Cloud computing is the concept of dynamically provisioning processing time and storage space from an ubiquitous cloud of computational resources which allow user to acquire and release the resources on demand and provide access to data by relegating the physical location and exact parameter of the resources. From user perspective, cloud computing means scalability on demand to meet business changes and easy to use and manage.

Datacenter is a centralized repository either physical or virtual for the storage and distribution of data. In Data

centre the information is organized around a particular body of knowledge or business. Today, user stores variety of data in cloud datacenter. Due to exponential increase of data flow, there is huge requirement of virtualized Data centers. With increase in datacenter obviously energy consumption will be more which leads to the increase in electricity cost and emission of more carbon dioxide, which will harm the ecosystem.

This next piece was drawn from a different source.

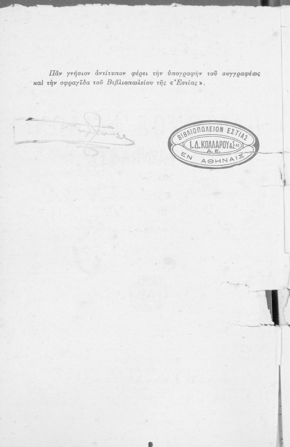 Εκδότης: Ιωάννης Δ. Κολλάρος και ΣΙΑ, Βιβλιοπωλείο της "Εστίας"

Despite of the improvement in energy efficiency of the hardware overall energy consumption continues to grow due to the increasing requirements of computing resources. for example, in the year 2010 datacenter has consumed 0.5% of world's total electricity usage and if the demand of energy continues is projected to quadruple by 2020[8].

Fig:1. Traditional Datacenter

In traditional datacenter (Fig:1.) hosts of the cluster is viewed as a single node to provide service for any specific task. So, it is difficult to satisfy the variegated demands of the task when the resource of single node is fixed. There is tremendous delay caused by the resources competition between loads and hosts. So, naturally in traditional datacenter we find more energy consumption.

Fig: 2. Virtualized Datacenter

In Virtualized data centers (VDC) virtual machine (VM) are created according to the task requirements, and all the virtual machines are managed by virtualization resources pool unit. In this way many virtual machines run in a single host that can increase the resource utilization of the host in the datacenter which consumes less energy and increase overall performance of the data centre

For energy conservation, the effect and importance of building a reasonable mapping from virtual machines to physical ones may be more obvious. The good mapping of VMs to Physical Machines not only improve the resource utilization but also can effectively reduce the virtual machine migration and lower the additional energy consumption. But, it is difficult to map virtual machines to its suitable physical machine and ensure energy saving at the same time as the loads are related to time. But uncertainly the VMs probability distribution characteristics and their demands change in real time. After allocating VMs to specific host which may be the local optimal, the energy consumption will be more as the resource utilization of the host is unreasonable.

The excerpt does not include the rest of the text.